[PROBLEM DETAILS] Scan the records below for the line with "You can rest" and the line with "PILATES/YOGA - 70", and retype that range exactly, both ends included, pictures excepted.
*** DATA LISTING Section Begins ***
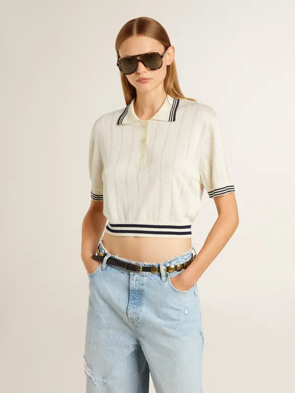Women’s cropped worn-white cotton polo shirt with blue ribbing
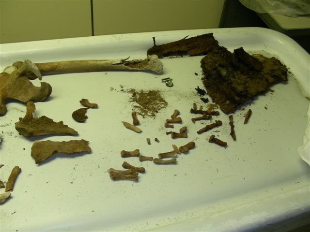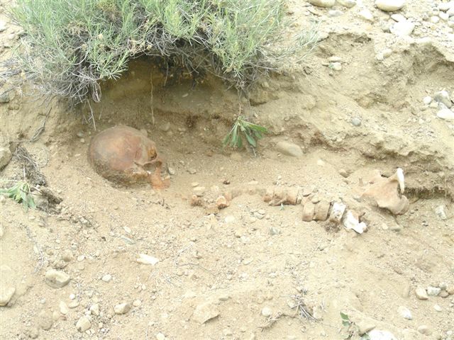 The below pictures are the remains of a body, presumably a man, since it looks like the buttons were off the "Great Coat". He was found by a fisherman along the Arkansas River about 1/4 mile north of the 82 and 24 Junction in Colorado.?He was buried about 600 ft. south of the lone grave along the old stage coach road that runs along the east side of the river. We are trying to identify the remains or possibly through researching mining claims and land grants to see if he was buried on his own property in the time period of 1860-1870 and he could have been brought back from another location to be buried.
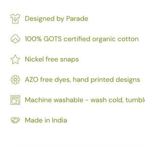 You can rest assured each Parade piece was grown, dyed, and sewn under GOTS standards. This label ensures the organic status of textiles, free from chemicals, from the harvesting of raw materials through environmentally and socially responsible manufacturing.
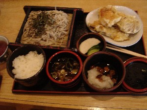 これが名物ざるそば定食。天ぷらが饅頭、スルメ、ニシンといずれも個性派揃い。 1050円ですがボリュームも満点。元祖と本家が並んでいるのは良くある光景か。 |
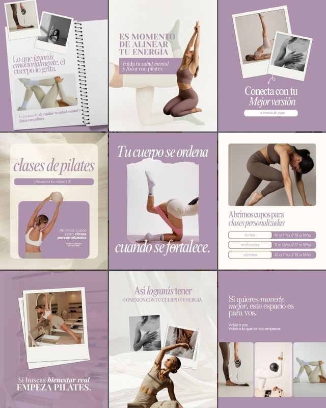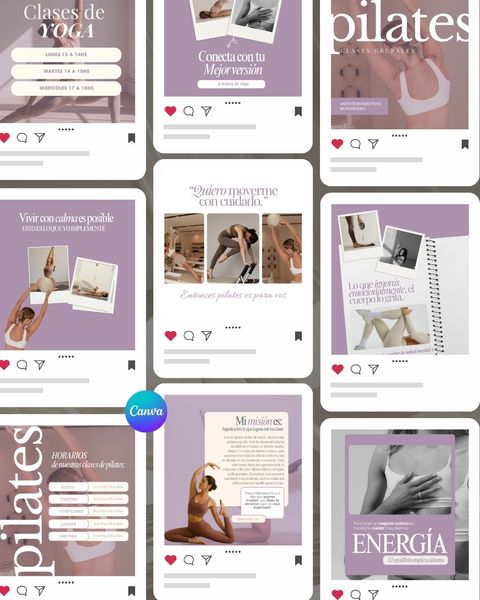 PILATES/YOGA - 70 plantillas editables para posteos de IG
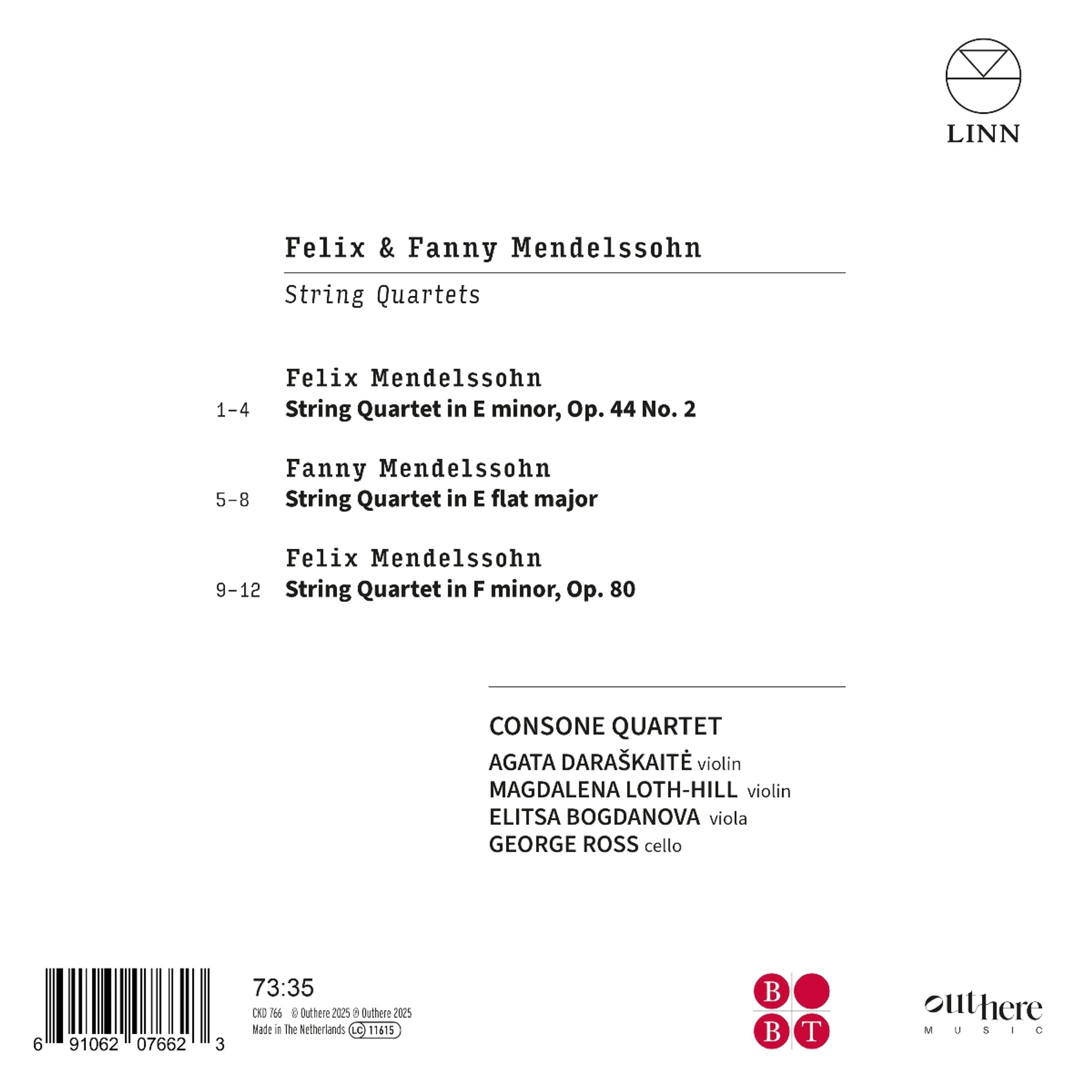 Das Consone Quartet setzt seine Erkundung der Streichquartette von Felix Mendelssohn fort und wendet sich im zweiten Teil des Zyklus auch dem einzigen Werk zu, das Fanny Mendelssohn zu diesem Genre beigetragen hat. Trotz seines leidenschaftlich bewegten Charakters entstand Felix' Streichquartett e-Moll op. 44 Nr. 2 drei Monate nach seiner Heirat - in einer Phase persönlicher Stabilität und kreativen Aufschwungs. Ganz im Gegensatz dazu steht das Streichquartett f-Moll op. 80, das er nach dem plötzlichen Tod seiner Schwester schrieb - erschüttert und traumatisiert. Es ist ein Werk von auffallender Bitterkeit und innerer Unruhe - ein schonungsloser Ausdruck seines seelischen Ausnahmezustands. Fannys Streichquartett Es-Dur ist ein ansprechendes, sorgfältig gearbeitetes Werk, das zu ihren Lebzeiten unveröffentlicht blieb - nicht zuletzt, weil ihre Familie ihr eine Komponistenkarriere ausredete. Erst 1988 wurde es posthum publiziert. Das Consone Quartet, das als erstes Originalklang-Streichquartett in das BBC-Programm New Generation Artists aufgenommen wurde, verleiht diesem Werk eine lebendige, eindrucksvolle Stimme.
*** DATA LISTING Section Ends ***
[EXPECTED ANSWER]
 You can rest assured each Parade piece was grown, dyed, and sewn under GOTS standards. This label ensures the organic status of textiles, free from chemicals, from the harvesting of raw materials through environmentally and socially responsible manufacturing.
 これが名物ざるそば定食。天ぷらが饅頭、スルメ、ニシンといずれも個性派揃い。 1050円ですがボリュームも満点。元祖と本家が並んでいるのは良くある光景か。 |
 PILATES/YOGA - 70 plantillas editables para posteos de IG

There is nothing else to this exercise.